Putting together the Masterbuilt Auto Ignite 545 Smart BBQ was an excruciating seven hours of poor instructions and mislabeled parts. By the time it was ready to use it, I was ready to hate this grill. It didn’t help that Masterbuilt’s grills are gravity-fed, which requires an entire learning curve that sent me down a YouTube hole for hours. Still, after all that, I find myself enjoying the Masterbuil. Even though it requires charcoal rather than faster fuels like gas, the grill heats up more quickly than you’d expect. The smart technology is excellently leveraged, allowing you to set and monitor the temperature from the app, and it connects easily. The grill has a decent amount of space, and the grill can achieve decent high (650F) and low (250F) temperatures, and those temperatures can be held because of the smart app.

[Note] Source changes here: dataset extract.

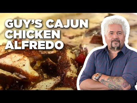 Guy Fieri Makes Cajun Chicken Alfredo | Food Network - Fettuccine Alfredo Food Network - Blackened chicken adds a Cajun twist to Guy's Alfredo! P.S. Look at all that Parm Get the recipe: ...
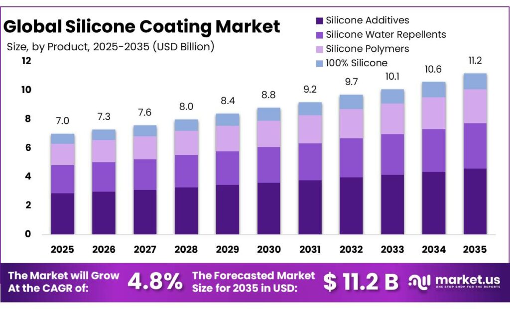 - Silicone Coating Market size is expected to be worth around USD 11.2 Billion by 2035, from USD 7.0 Billion in 2025, growing at a CAGR of 4.8%.

I do have a few reservations. The lack of flame under the active grill space means that the only place to sear is on top of the hopper, which is quite small. That makes the Masterbuilt more a smoker than a grill. Some embers do fly away due to the design of the ash tray, so they need to be watched. Finally, a few aspects of the app could be better, like the recipe function, which is hard to search. But (if you pay someone else to put the grill together) I think the Masterbuilt Auto Ignite 545 Digital Charcoal Grill ($499) is a spectacular deal. Compared to grills twice the price or more, the 545 has a sturdy build, consistent smoke and is easy to manage from the smart app. 

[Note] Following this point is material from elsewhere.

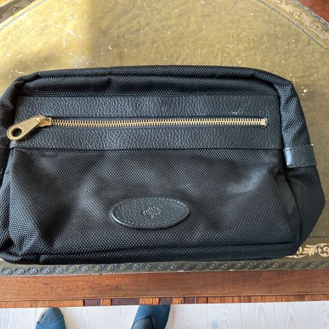 Elegant og tidløs Mulberry Wash Case i sort grained læder med kontrasterende brune kanter. Toilettasken kombinerer luksus og funktionalitet, perfekt til både rejse og daglig brug. Designet med et rummeligt hovedrum, lynlåslukning og diskret Mulberry-logo præget på fronten.

Pay someone else to put it together

At the time I started putting the 545 together, there weren’t yet instructional videos (thankfully, there are now). This will compensate for the inexplicably poorly illustrated paper instructions. Assembly was so irritating and exhausting, I’d recommend purchasing the grill from someplace that includes assembly, or pay for someone else to do it. Once completed, the 545 is one of the sturdiest grills I tested. The grill feels appropriately heavy, and the parts don’t flex or vibrate. I rolled the grill 50 feet from where it was assembled and it barely made a sound, and no parts moved. 

The active grill space, with the warming grate and the hopper lid for searing.
Credit: Amanda Blum

This is a wide grill, with an active grill space, folding warming grate, and charcoal hopper all under the hood. There are 545 inches of active grill space, in addition to the warming grate, and room to sear on top of the cast iron hopper. The lid is heavy, with a solid metal handle that never got hot to the touch. The grill has two platforms, one on each side of the grill. The left side houses the electronics and the right is a staging area that can be flipped up to conserve space. Underneath the grill is a cabinet with a big open space and swiveling door, and the entire grill rests on wheels big and rugged enough to go over most terrain. I noticed that most modern grills or barbecues end up very light: The metal feels thin, the handles don’t inspire confidence. But the 545 is the opposite—it’s built like a tank, which feels appropriate for a giant smoker. 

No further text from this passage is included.